Sometimes the oddest things, the most unexpected things, bring us comfort. After one of the worst breakups of my life- Okay, I'll call it THE worst breakup- I learned to command a starship.

That's right.

I had missed Star Trek: Enterprise in 2001 when it aired since I'd spent several years not watching television. I discovered it one night on Netflix after already barreling through Firefly and The Walking Dead. I decided to give it a chance.

I'm glad I did. The characters, their lives and interactions, were compelling. And it is of course a space adventure.

And that's the point I want to make here. Because of that show, I was able to connect with something from my childhood that brought me comfort and joy. It helped transport me, if only for a few hours a night, to a time before romantic relationships even existed to me.

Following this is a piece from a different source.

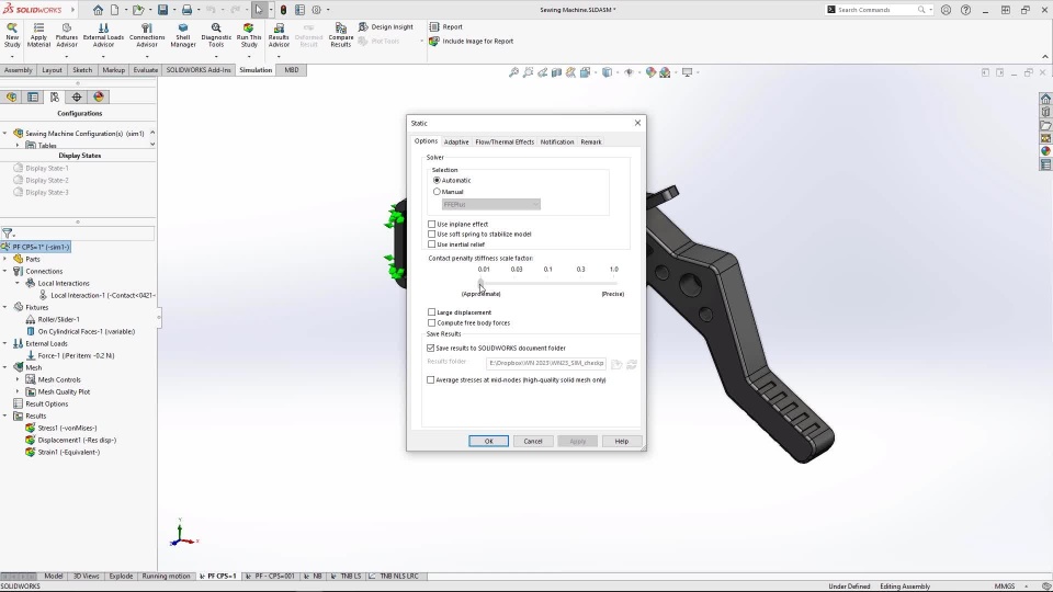 Optimize design with a new option to adjust contact penalty stiffness that speed up simulation process. Get better accuracy with an improved surface-to-surface bonding algorithm and by enforcing bonding interactions between non-touching faces at extreme angles to one another.

I watched so much Star Trek that summer that I seriously could've commanded my own vessel. I could've raised shields, fired the photonic torpedoes, and gave the order to take the ship to warp.

Not long after I began watching Enterprise, I listened to a podcast called The Mental Illness Happy Hour. Host Paul Gilmartin said that when his depression is especially kicking his ass, he finds World War II or serial killer documentaries to be soothing. He doesn't know why. They just are.

And I had been doing the same thing. Except for me, it was intergalactic adventures.

So, if you're struggling, I hope you'll follow your intuition wherever it takes you to find comfort. Maybe, you'll pick up a long-forgotten hobby, the joy of writing, or playing a neglected musical instrument.

Maybe you'll decide to take a cooking class, or study martial arts, or connect with something from a simpler time. A time before your breakup. A time before your relationship.

We can't go back in time. That's not possible. But I believe there are lessons there that can help us. And learning from them may bring us some joy in the present that we can take with us into the future.

I rediscovered my love of space adventures and of writing posts like the one you're reading.

What will you discover?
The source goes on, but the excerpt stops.